* [Goal of the exercise]: The data should be written out in full, exactly as it stands, and the pictures dropped.

---------- Supplied data ----------

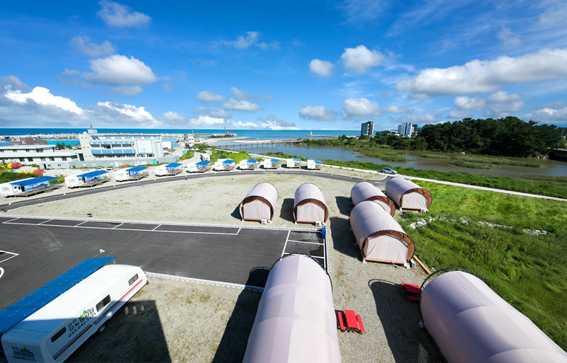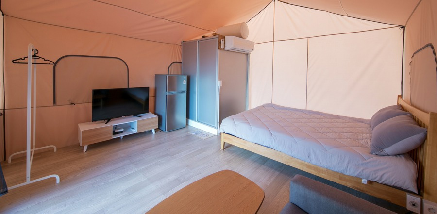 텐트와 취사도구를 준비하지 않고 몸만 가도 캠핑 느낌을 얻을 수 있는 글램핑이 요새 대세지요! 사천해변 바로 앞에 있는 포스카이 글램핑은 멋진 텐트 속에 화장실, 침대, 취사도구, 에어컨 모두 다 갖춰져 있어 마치 해리포터가 된 기분을 느낄 수 있어요!
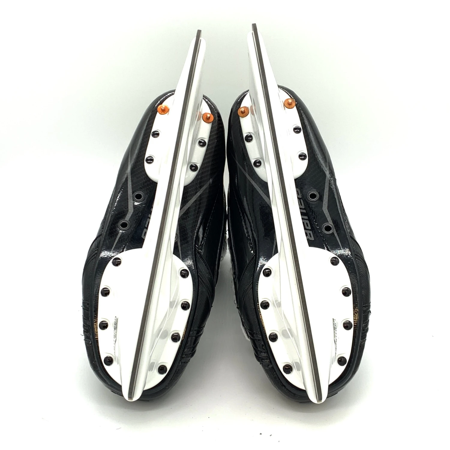 Bauer Supreme Ultrasonic skates from an NCAA team. Size 6.75D with 263 Tuuk Lightspeed Edge holders and LS5 steel. These skates feature “Beck” custom printed on the tongue.
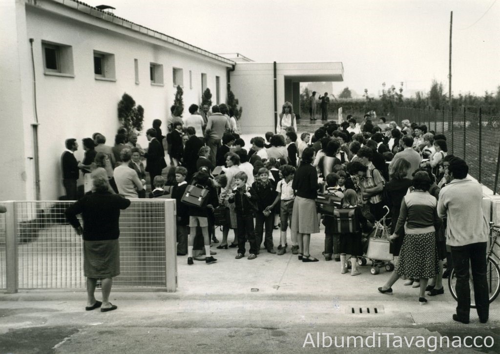 Inaugurazione di nuove aule della Scuola Elementare di Colugna. Assembramento di persone all’esterno della scuola per l’arrivo delle autorità.
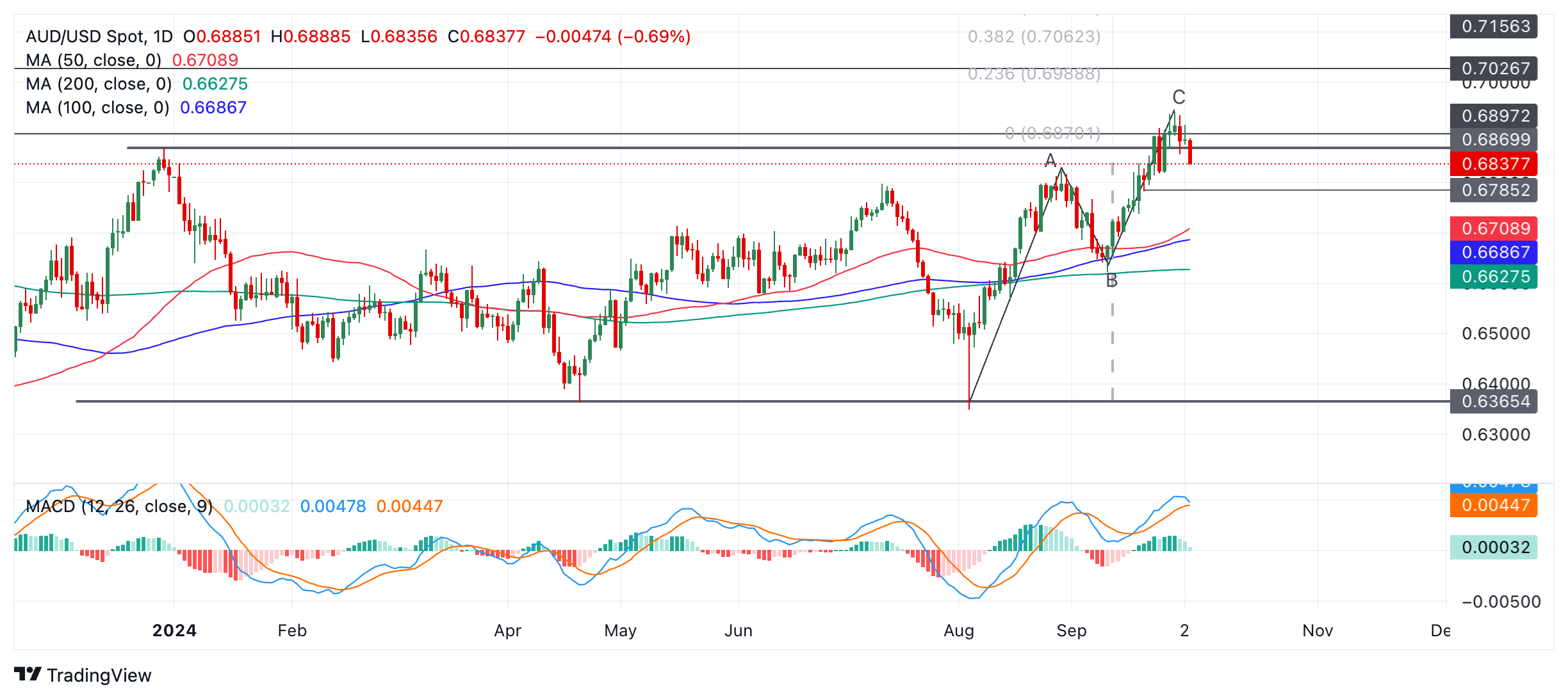 澳元/美元价格预测:回落至区间内,预示可能出现看跌逆转

----------

* [Response to the exercise]:
 텐트와 취사도구를 준비하지 않고 몸만 가도 캠핑 느낌을 얻을 수 있는 글램핑이 요새 대세지요! 사천해변 바로 앞에 있는 포스카이 글램핑은 멋진 텐트 속에 화장실, 침대, 취사도구, 에어컨 모두 다 갖춰져 있어 마치 해리포터가 된 기분을 느낄 수 있어요!
 Bauer Supreme Ultrasonic skates from an NCAA team. Size 6.75D with 263 Tuuk Lightspeed Edge holders and LS5 steel. These skates feature “Beck” custom printed on the tongue.
 Inaugurazione di nuove aule della Scuola Elementare di Colugna. Assembramento di persone all’esterno della scuola per l’arrivo delle autorità.
 澳元/美元价格预测:回落至区间内,预示可能出现看跌逆转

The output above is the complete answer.